To this end, the root of the long emergency lies in the “bad economics we live in and the market.” Robinson describes the fallacy of ‘free-markets’ talking specifically about predatory dumping, the practice of pumping products into the market at artificially low-rates. He expanded on the economic definition to suggest that our economy systematically under-prices commodities by shifting things like environmental costs to the future. This creates what Robinson calls an inter-generational ponzi scheme, which requires in response multi-generational Utopian projects to plan for the necessary correction when the ponzi scheme goes bust. To do this, Robinson believes we need to use science against Capitalism, just as science brought about the Enlightenment, it can be used to lift us out of the residual feudalism of Capitalism and our new aristocracy of inequality. Robinson reasons that capitalism is a bad social technology or economic technology making it a bad model for dealing with the long emergency. He specifically talked about the financial cost of not burning that 2,000 gigatons of carbon in the earth, it’s worth $1,600 trillion. What capitalist is going to leave that much money in the earth? This is why, Robinson argues, that we need new economic models other than capitalism to contend with the consequences of our consumer lifestyles.

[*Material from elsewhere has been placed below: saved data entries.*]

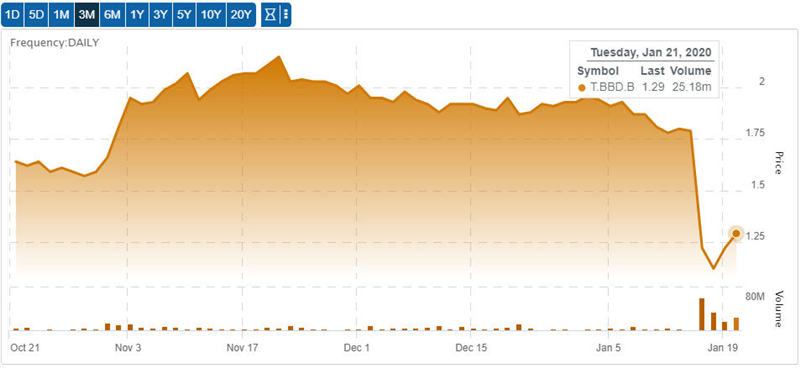Forum) wasn’t quite ready to take advantage. The industrials Bullboards were frantically discussing the Canadian manufacturer as shares of BBD.B fell from $1.80 on Jan 14 to a low of $1.12 on Jan. 17, an
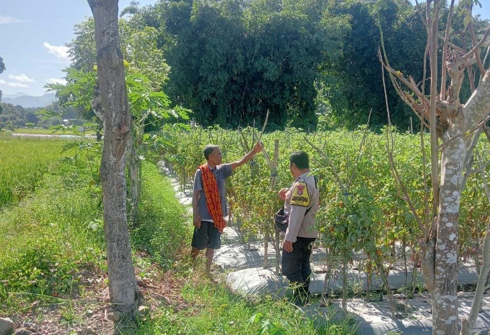 Aipda Lazarus Thomas Maspaitella mengunjungi lahan tomat milik warga binaan di Desa Dore Kecamatan Palibelo Kabupaten Bima Rabu (9/4/25) Siang Kemarin.
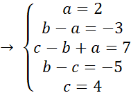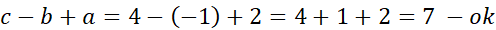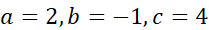 Bezpośrednio możemy odczytać wartości współczynników a i c, wartość b obliczmy z dowolnego równania:
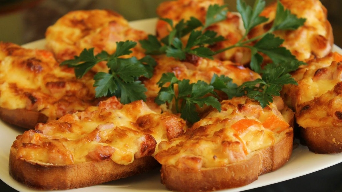 На праздничный стол можно приготовить и горячие бутерброды. Это очень сытная закуска. Такие бутерброды можно подать и в самом начале застолья.
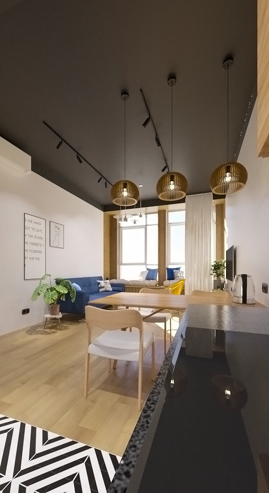 Ночное небо в дизайне интерьера для молодой семьи из двух человек стало очень смелым и необычным решением.

In a light moment, Robinson says it’s a matter of style. “Do you want good style or bad style? Do you want to be a fat rich person in a gated community?” The alternative being a fuller, richer social life in the company of friends and family with less material luxury. This requires us to consider what are necessities, and what we can live adequately without. Ultimately, someone in the audience asked “why are you drinking out of a plastic water bottle?” Robinson, a little chagrined, describe his low-carbon footprint lifestyle back in Davis, California, a very bike-friendly community, but the moment captured Robinson’s closing remarks that the way forward is messy, and there is no single solution. He referenced philosopher Karl Popper’s term monocausotaxophilia, wherein people believe in a single solution like God or Freedom to all of the manifold, interrelated problems of our increasingly complex society. But, Robinson warns, there is no magic bullet and maintaining the status quo is now part of the catastrophe narrative.
Robinson’s keynote lecture was an excellent rejoinder to Slavo Zizek’s  assertion that the looming threat of ecological is one the major social antagonisms that require us to imagine society after capitalism.